If you have employees, assume you’re required to carry workers’ comp in your state. The penalty for non-compliance varies by state but can include fines, stop-work orders, and personal liability for the cost of an injured worker’s claim. Independent contractors are generally not covered by workers’ comp — one more reason classification matters.

Business Owner’s Policy (BOP)

A Business Owner’s Policy (BOP) bundles general liability and commercial property insurance into one policy, typically at a discount compared to buying them separately. Commercial property covers damage to your physical business property — equipment, inventory, furniture — from fire, theft, vandalism, and other perils.

A BOP is the natural starting point for small businesses with a physical location or significant physical assets. If you operate a restaurant, retail store, salon, or any business where you have equipment or inventory to protect, a BOP is usually the first policy to buy. The bundled pricing is typically more economical than separate policies.

BOP policies have limits and exclusions. They typically don’t cover flood or earthquake (separate policies). They don’t cover professional liability or workers’ comp. They may have coverage limits that are insufficient for businesses with high-value inventory or equipment. Review the policy limits against your actual asset values.

Other coverages worth knowing

Cyber liability insurance covers costs associated with data breaches, ransomware, and cyberattacks: notification costs, credit monitoring services, forensic investigation, regulatory fines, and business interruption. If your business handles any sensitive customer data (personal information, health records, payment card data), cyber coverage is increasingly important. Standard GL and property policies typically exclude cyber events.

Commercial auto insurance covers vehicles used for business purposes. Your personal auto policy typically excludes business use — if you’re in an accident while delivering goods or driving to a job site in your personal car for business purposes, you may not be covered. Commercial auto or a “business use” endorsement on your personal policy is needed.

Employment practices liability (EPLI) covers claims by employees for wrongful termination, discrimination, harassment, and similar employment disputes. This coverage is more relevant for businesses with multiple employees. It’s worth considering once you have a team and face meaningful employment-related exposure.

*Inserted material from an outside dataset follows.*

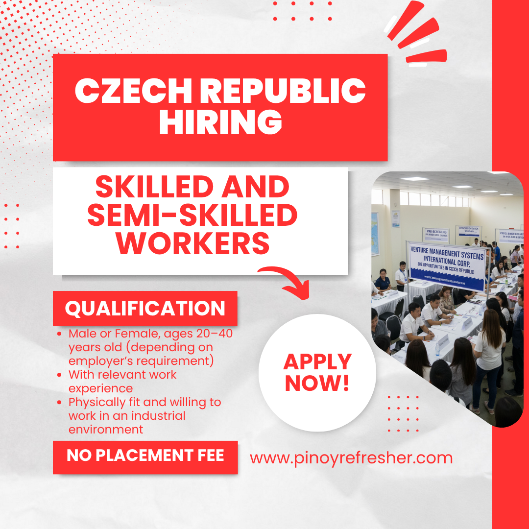 Start your overseas career in Czech Republic, one of Europe’s most stable industrial economies! Venture Management Systems International Corp. is now accepting applicants for various positions under its accredited principal Grapecare Limited.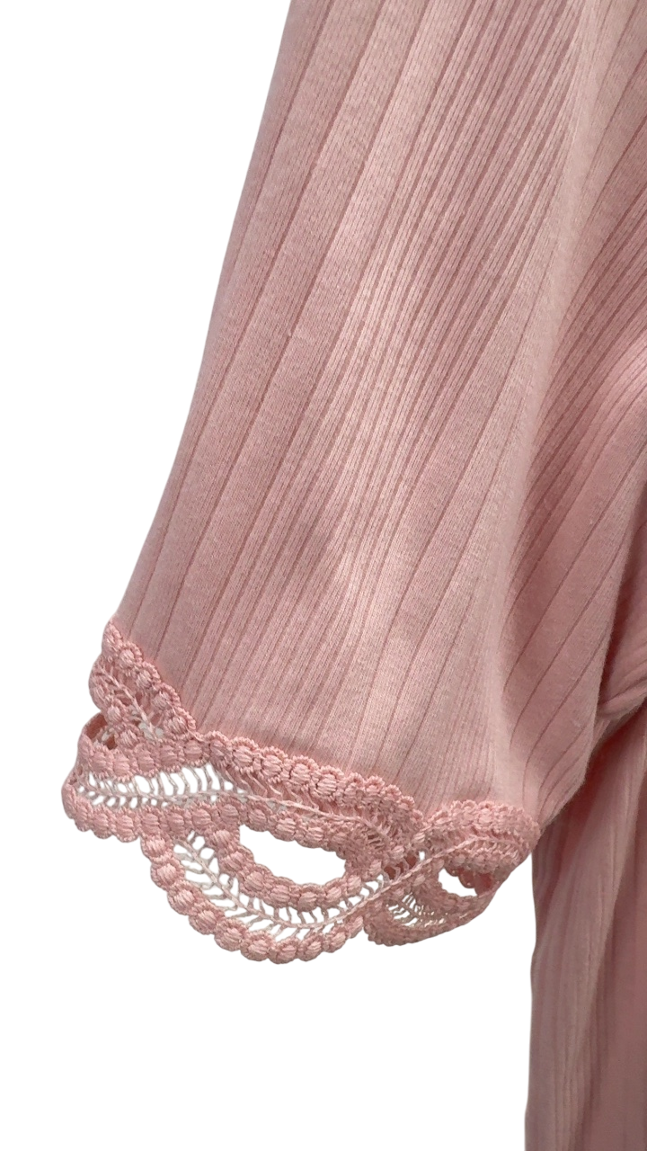 This soft pink top by TALBOT'S features a ribbed texture that adds subtle dimension to a classic silhouette. The rounded neckline and puff sleeves with delicate lace trim combine comfort with feminine charm. Perfect for a casual day out or layered under a blazer for a chic office look.

How to shop without getting oversold

Insurance agents are paid on commission, which creates incentive to sell you more coverage than you need. To protect yourself, understand what you’re actually exposed to before talking to an agent, and ask specific questions about what each policy covers and — critically — what it excludes.

Get quotes from multiple carriers. Online brokers like Embroker, Next Insurance, and Hiscox make comparison shopping relatively easy for small businesses. For more complex insurance programs, working with an independent broker (who represents multiple carriers, not one) gives you more options than a captive agent (who represents a single carrier).

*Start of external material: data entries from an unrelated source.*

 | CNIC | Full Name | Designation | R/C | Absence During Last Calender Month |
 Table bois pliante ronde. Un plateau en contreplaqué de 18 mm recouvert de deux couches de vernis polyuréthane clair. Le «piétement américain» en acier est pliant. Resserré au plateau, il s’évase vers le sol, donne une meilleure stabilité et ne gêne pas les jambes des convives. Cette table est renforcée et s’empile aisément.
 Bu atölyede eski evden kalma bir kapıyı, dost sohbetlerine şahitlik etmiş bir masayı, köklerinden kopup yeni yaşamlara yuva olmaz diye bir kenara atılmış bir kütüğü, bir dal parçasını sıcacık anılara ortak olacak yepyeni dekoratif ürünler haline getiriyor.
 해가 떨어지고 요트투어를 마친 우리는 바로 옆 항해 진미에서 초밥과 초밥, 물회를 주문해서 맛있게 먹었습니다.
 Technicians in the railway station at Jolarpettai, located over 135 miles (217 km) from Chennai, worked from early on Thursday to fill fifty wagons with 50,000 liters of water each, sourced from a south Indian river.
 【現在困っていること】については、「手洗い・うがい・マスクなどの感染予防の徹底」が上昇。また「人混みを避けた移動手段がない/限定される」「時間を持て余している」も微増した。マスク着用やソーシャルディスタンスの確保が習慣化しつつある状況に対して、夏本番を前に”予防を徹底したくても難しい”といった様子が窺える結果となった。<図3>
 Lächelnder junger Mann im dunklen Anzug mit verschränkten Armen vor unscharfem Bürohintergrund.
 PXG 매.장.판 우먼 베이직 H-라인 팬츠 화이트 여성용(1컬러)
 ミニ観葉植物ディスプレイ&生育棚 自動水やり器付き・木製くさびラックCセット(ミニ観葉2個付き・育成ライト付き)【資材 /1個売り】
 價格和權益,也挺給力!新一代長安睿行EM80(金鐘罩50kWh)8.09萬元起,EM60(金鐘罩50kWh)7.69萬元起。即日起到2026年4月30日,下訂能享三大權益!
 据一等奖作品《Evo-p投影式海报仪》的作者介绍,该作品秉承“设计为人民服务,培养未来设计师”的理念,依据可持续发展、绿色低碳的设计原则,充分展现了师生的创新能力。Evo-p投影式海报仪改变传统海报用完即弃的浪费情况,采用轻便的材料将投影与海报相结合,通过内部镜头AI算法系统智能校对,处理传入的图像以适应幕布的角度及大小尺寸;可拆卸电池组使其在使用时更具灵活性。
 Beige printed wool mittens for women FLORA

Ask your existing service providers what coverage they require. If clients require $2M in GL, you need $2M. If commercial tenants require $1M in property coverage, you need at least that. Client and landlord requirements define your minimums; your actual risk determines whether you need more.

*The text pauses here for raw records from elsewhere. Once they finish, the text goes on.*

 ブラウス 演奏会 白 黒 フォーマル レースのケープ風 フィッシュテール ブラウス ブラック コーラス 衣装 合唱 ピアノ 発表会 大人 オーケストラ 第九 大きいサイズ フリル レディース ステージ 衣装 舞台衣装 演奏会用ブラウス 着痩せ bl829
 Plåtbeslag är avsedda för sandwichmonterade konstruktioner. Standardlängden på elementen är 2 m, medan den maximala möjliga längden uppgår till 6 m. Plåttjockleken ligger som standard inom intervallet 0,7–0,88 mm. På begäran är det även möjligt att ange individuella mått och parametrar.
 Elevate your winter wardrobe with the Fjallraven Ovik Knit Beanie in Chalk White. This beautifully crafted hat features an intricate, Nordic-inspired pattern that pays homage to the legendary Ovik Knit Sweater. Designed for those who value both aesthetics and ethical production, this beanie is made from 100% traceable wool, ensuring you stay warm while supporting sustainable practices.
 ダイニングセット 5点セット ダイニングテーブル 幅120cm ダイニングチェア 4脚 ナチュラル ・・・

Review coverage annually. As your business changes — you add employees, buy equipment, take on larger clients — your insurance needs change too. An annual review with your broker takes an hour and can catch significant gaps.

What to do next

  • 1 If you have employees, verify you have workers' compensation coverage. Non-compliance is a significant risk in most states.
  • 2 If you have a physical location or significant physical assets, a BOP (general liability + property) is the right starting point.
  • 3 If you provide professional services (consulting, design, software, legal, financial), professional liability insurance is important. Standard GL doesn't cover professional mistakes.
  • 4 Ask your clients what insurance requirements they have before you start work. COI requests happen at the start of every engagement.
  • 5 Get quotes from multiple carriers or use an independent broker — not a captive agent who can only offer one carrier's products.